*Action item:*
Your reply should restate the lines from the top of the entries through the line containing "Aparter Strickpullover mit" word for word, with no pictures.

Extracted records
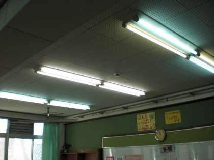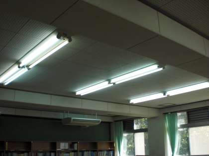 先日,学校薬剤師の先生に照度検査をしていただいたところ,図書室が少し暗いという検査結果が出ました。そこで,業者に工事を依頼して,図書室の天井の蛍光灯を黒板側と真ん中に2台ずつ,計4台蛍光灯の数でいうと8本増やしました。おかげで見違えるほど明るくなりました。これで図書室での読書が今まで以上にしやすくなったと思います。読書量も増えるでしょう。
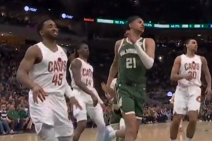 GIF-雄鹿不敵騎士,比賽中烏斯曼·吉昂在米切爾面前使用后者招牌海底撈大回環(huán),結(jié)果脫手出界,米切爾看笑了!
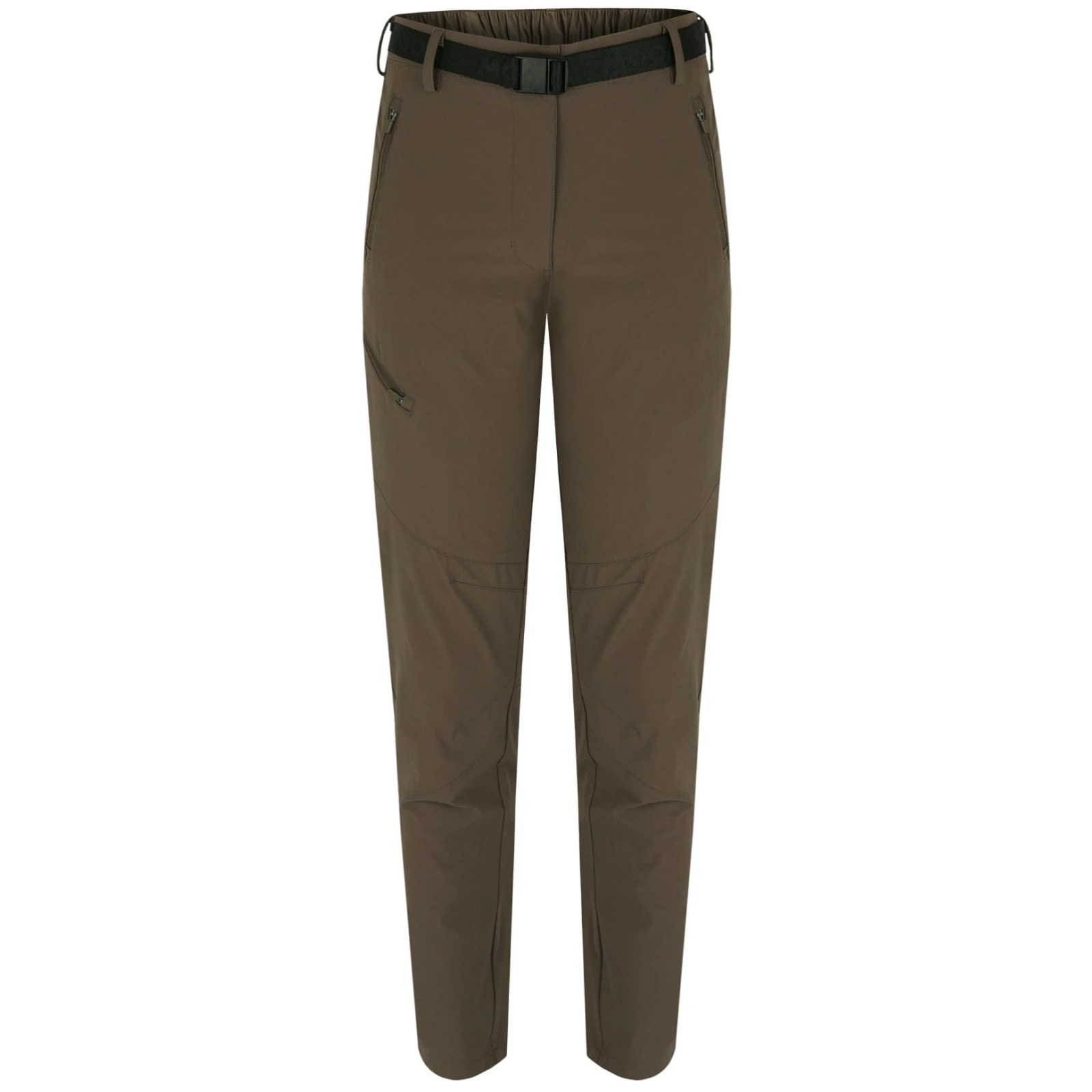 Damskie spodnie MOOA Trek Light to lekkie i wygodne spodnie turystyczne, które dzięki rozciągliwej technologii 4Stretch oferują doskonałą swobodę ruchu i przyjemny komfort podczas całodniowych aktywności. Wykonane są z wytrzymałego materiału nylonowego z powłoką DWR, która pomaga odprowadzać lekką wilgoć i zwiększa ogólną odporność tkaniny na zmienne warunki pogodowe.
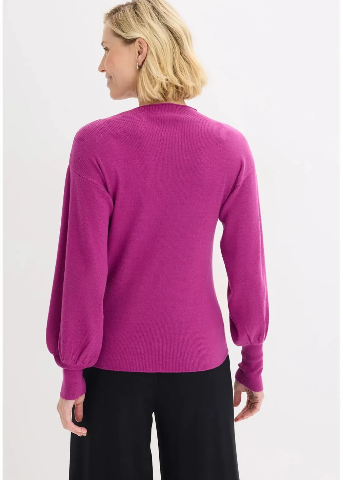 Aparter Strickpullover mit Ballonärmeln und Stehkragen
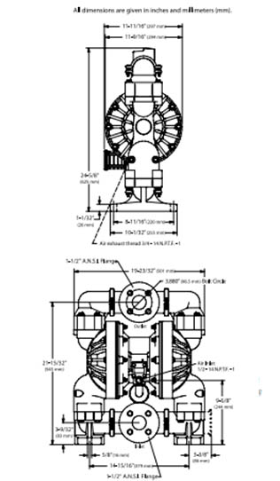 PRO 1-1/2” non-metallic diaphragm pumps are frequently used in transfer, filling, recirculation and supply in Chemical, Industrial and Water/Wastewater treatment markets. Our 1-1/2” models achieve flow rates of up to 100 GPM (378.5 LPM) and also offer a diverse selection of material and porting configurations
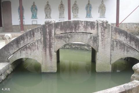 Panchi introduction: Passing through the Lingxing Gate, there is a 15-square-meter semicircular Panchi in the middle of the patio, commonly known as "Lotus Leaf Pond" or "Mochi". There is a three-hole stone arch bridge across the pool, 4.3 meters long, commonly known as "Buyun Bridge", which means rising to the top step by step, rising to the blue clouds. This was also a symbol of the glory of scholars at that time, because only scholars who had obtained the title of Juren or above could cross the Pan Bridge proudly. It was a veritable "Famous Bridge". There are portraits of eighteen Confucius disciples painted on the walls of the rain corridor on both sides of Panchi.
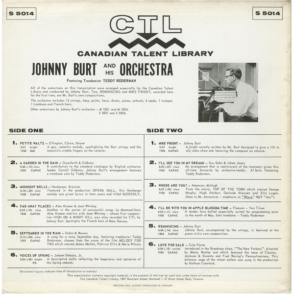 All of the selections on this transcription were arranged especially for the Canadian Talent Library and conducted by Johnny Burt. Two, REMINISCING and MIKE FRIGHT, recorded here for the first time, are Mr. Burt’s own compositions.
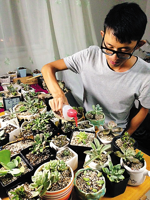 刚开始养多肉,克拉也和许多新手一样,遇到了不少问题:“种植的土壤怎么配比?”、“多长时间要浇一次水?”、“每次要浇多少水?”……通过网络和书本学习,再加上向资深的“肉友”请教,他逐渐掌握了多肉植物种植的基本知识。
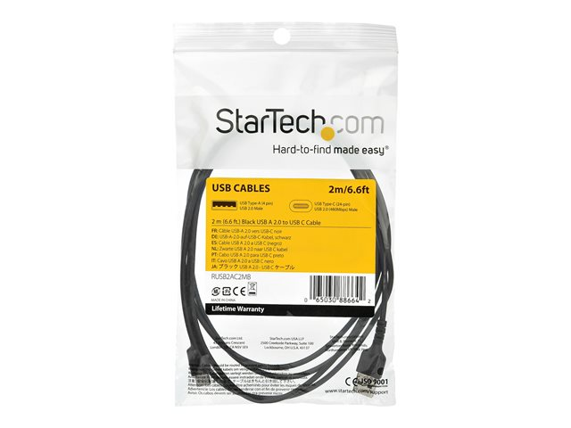 Cordon USB 2.0 vers USB-C à Charge/Synchronisation Rapides - Gaine TPE en Fibre Aramide M/M 3A Noir - Samsung S10/iPad Pro/Pixel (RUSB2AC2MB) - Câble USB - USB (M) droit pour 24 pin USB-C (M) droit - Thunderbolt 3 / USB 2.0 - 2 m - noir - pour P/N: CDP2HDUACP2, SECTBLTDT, STNDTBLTMOB
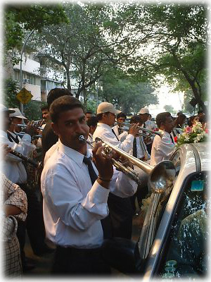 歩いていると、どこからともなくブラスバンドの音色が。どうやらお金持ちの人の結婚式のよう。愛嬌たっぷりなカメラ目線のトランペットおじさん。こういう「職業ブラスバンド」が普通に仕事をしているのもインドならでは |

*Response below:*
 先日,学校薬剤師の先生に照度検査をしていただいたところ,図書室が少し暗いという検査結果が出ました。そこで,業者に工事を依頼して,図書室の天井の蛍光灯を黒板側と真ん中に2台ずつ,計4台蛍光灯の数でいうと8本増やしました。おかげで見違えるほど明るくなりました。これで図書室での読書が今まで以上にしやすくなったと思います。読書量も増えるでしょう。
 GIF-雄鹿不敵騎士,比賽中烏斯曼·吉昂在米切爾面前使用后者招牌海底撈大回環(huán),結(jié)果脫手出界,米切爾看笑了!
 Damskie spodnie MOOA Trek Light to lekkie i wygodne spodnie turystyczne, które dzięki rozciągliwej technologii 4Stretch oferują doskonałą swobodę ruchu i przyjemny komfort podczas całodniowych aktywności. Wykonane są z wytrzymałego materiału nylonowego z powłoką DWR, która pomaga odprowadzać lekką wilgoć i zwiększa ogólną odporność tkaniny na zmienne warunki pogodowe.
 Aparter Strickpullover mit Ballonärmeln und Stehkragen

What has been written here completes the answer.